Proximal Policy Optimization (PPO) Discrete

class rlforge.agents.policy_gradient.ppo_discrete.PPODiscrete(state_dim, num_actions, actor_lr=0.0003, critic_lr=0.0003, discount=0.99, clip_epsilon=0.2, network_architecture=[64, 64], update_epochs=10, mini_batch_size=64, rollout_length=1024, value_coef=0.5, entropy_coeff=0.01, gae_lambda=0.95, device=None)

Proximal Policy Optimization (PPO) Agent for discrete action spaces.

This agent implements PPO with Generalized Advantage Estimation (GAE), adapted for vectorized environments. It supports rollout-based updates, advantage normalization, and the clipped surrogate objective.

Features

  • Separate actor and critic learning rates

  • Rollout-based updates with GAE

  • Vectorized batch processing (T, N)

  • Advantage normalization

  • Clipped objective for stable updates

Parameters

state_dimint

Dimension of the input state space.

num_actionsint

Number of discrete actions available in the environment.

actor_lrfloat, optional

Learning rate for the actor/policy network (default=3e-4).

critic_lrfloat, optional

Learning rate for the critic/value network (default=3e-4).

discountfloat, optional

Discount factor γ applied to future rewards (default=0.99).

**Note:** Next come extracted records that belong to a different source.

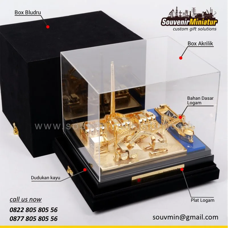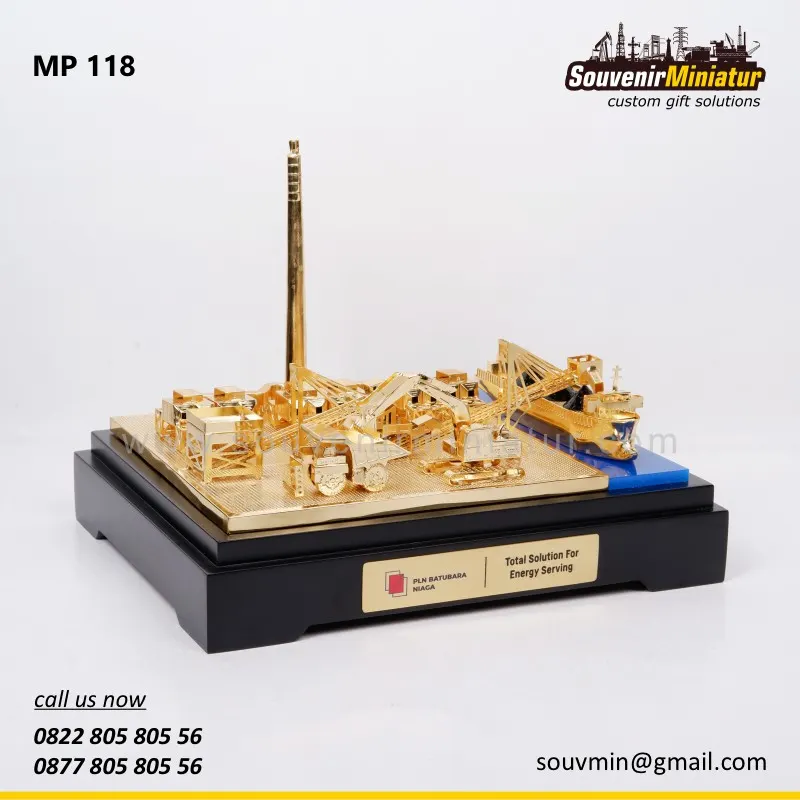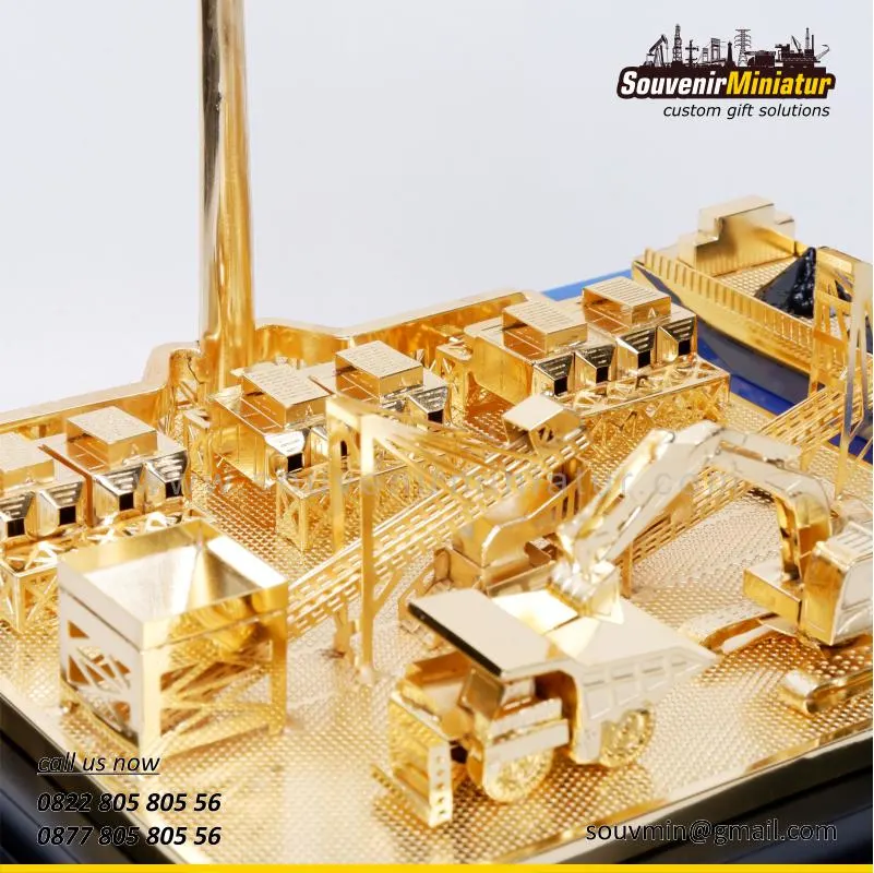 Miniatur PLN Batubara Niaga ini menghadirkan detail area industri dan fasilitas energi dalam balutan warna emas elegan, merepresentasikan profesionalisme, pencapaian, dan kebanggaan perusahaan secara visual yang presisi, kokoh, dan bernilai tinggi.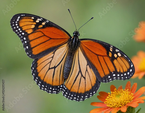 Monarch butterfly, vibrant orange wings, black veins, white spots, yellow flowers, green leaves, soft focus background, macro photography, detailed wings, nature close-up, delicate insect, pollinator,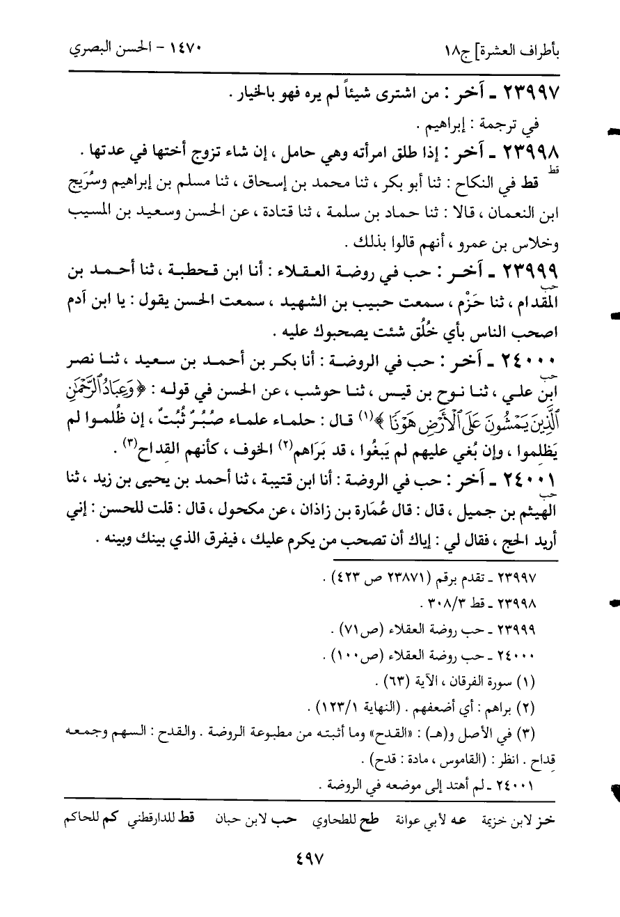 24001 - آخر (حب) : حب في الروضة: أنا ابن قتيبة، ثنا أحمد بن يحيى بن زيد، ثنا الهيثم بن جميل، قال: قال عُمَارة بن زاذان، عن مكحول، قال: قلت للحسن: إني أريد الحج، فقال لي: إياك أن تصحب من يكرم عليك، فيفرق الذي بينك وبينه.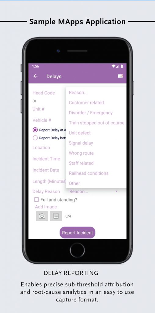 MApps (Mobile Application Suite) provides applications to rail staff which revolutionise manual and labour-intensive reporting processes. Additionally MApps can be used to provide journey information to passengers way beyond current capabilities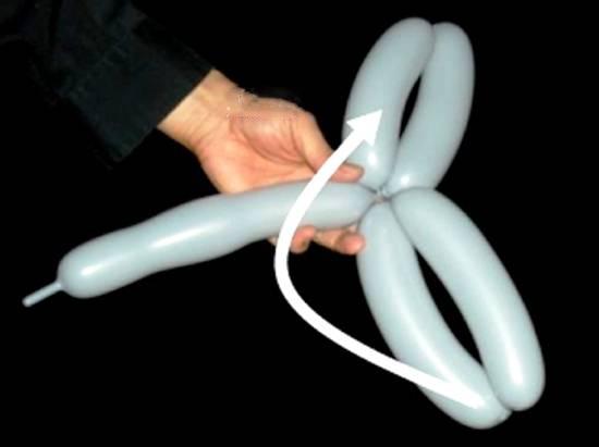 3,在右手的手指处来一个基本扭,然后将这个扭点压到刚才的2/3处,构成的左右两个大小不同的翅膀,这时,气球就有点像蜻蜓了。

clip_epsilonfloat, optional

Clipping parameter for PPO objective (default=0.2).

network_architecturelist of int, optional

Sizes of hidden layers for both actor and critic networks (default=[64, 64]).

update_epochsint, optional

Number of epochs per PPO update (default=10).

mini_batch_sizeint, optional

Size of mini-batches sampled during PPO updates (default=64).

rollout_lengthint, optional

Number of transitions per environment before an update (default=1024).

value_coeffloat, optional

Coefficient for value loss in PPO objective (default=0.5).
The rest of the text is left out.